Next, the yoke 38 and its related structure will be described with reference to FIG. 2 together with FIG. The yoke 38 is formed of a magnetic material such as iron, and has a substantially L-shaped cross section. The yoke 38 has an annular yoke main body 62 and a yoke flange extending radially inward from one end (upper end) of the yoke main body 62. 64. In this embodiment, the yoke main body 62 and the yoke flange 64 are formed integrally, the yoke main body 62 contacts and covers the outer peripheral surface of the rotor magnet 40, and the yoke flange 64 is connected to one end surface of the rotor magnet 40 (in FIG. The yoke main body 62 and the yoke flange 64 function as a back yoke of the rotor magnet 40. The back yoke has an effect of forming a magnetic path of a magnet (in this embodiment, the rotor magnet 40) to increase the magnetic action of the magnet.

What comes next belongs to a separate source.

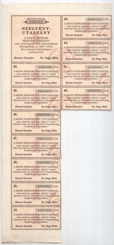 Makó 1929. "Makói Népbank Részvénytársaság" részvénye 50P-ről (2x), sorszámkövetők "000180 - 000181", szelvényekkel T:I-,II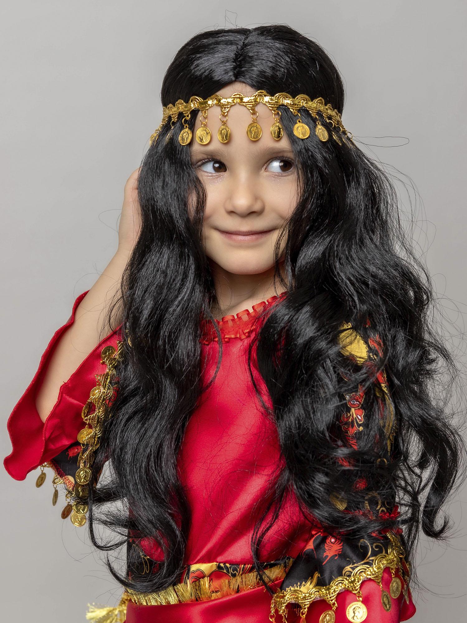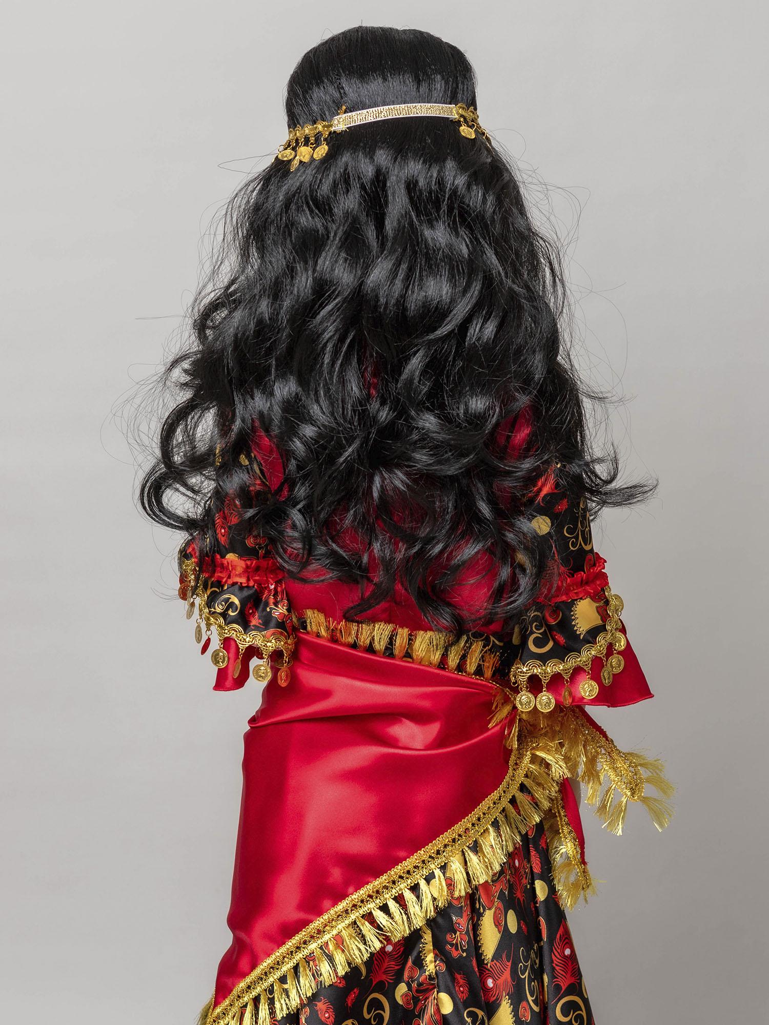 Карнавальный костюм Цыганка Рада - воплощение популярного образа цыганки. Эта героиня привносит нотку тайны и волшебства, где бы она не появилась. Красивая и хитрая Цыганка Рада порадует окружающих и выделит девочку среди подруг. Образ надолго останется в памяти, как один из самых ярких на празднике. Костюм состоит из длинного платья, косынки, парика и повязки. Платье имеет застежку-молнию на спине, остальные детали костюма эффектно дополняют карнавальный наряд. Особенности: - Широкий подол платья - Красный и зеленый цвет - Подол украшен изображениями красных цветов - Оборки на рукавах - С красным цветком на груди - Косынка красного цвета - Темный парик с длинными кудрявыми волосами - Золотые монисты на повязке завершают образ.

The rotor magnet 40 is radially magnetized since the stator 41 is disposed radially inside the rotor magnet 40, and has an N-pole region 66 on its inner periphery as shown in FIG.
(A region magnetized to the N pole) and an S pole region 68 (a region magnetized to the S pole) are alternately arranged, and the N pole region 66 and the S pole region 6 are arranged.
8, a magnetic pole boundary area exists. What is the magnetic pole boundary area?
This is a region where the pole is switched from the S pole to the S pole or from the S pole to the N pole. The region is substantially not magnetized, or has a small magnetic force even when magnetized, and hardly acts on the stator 41. .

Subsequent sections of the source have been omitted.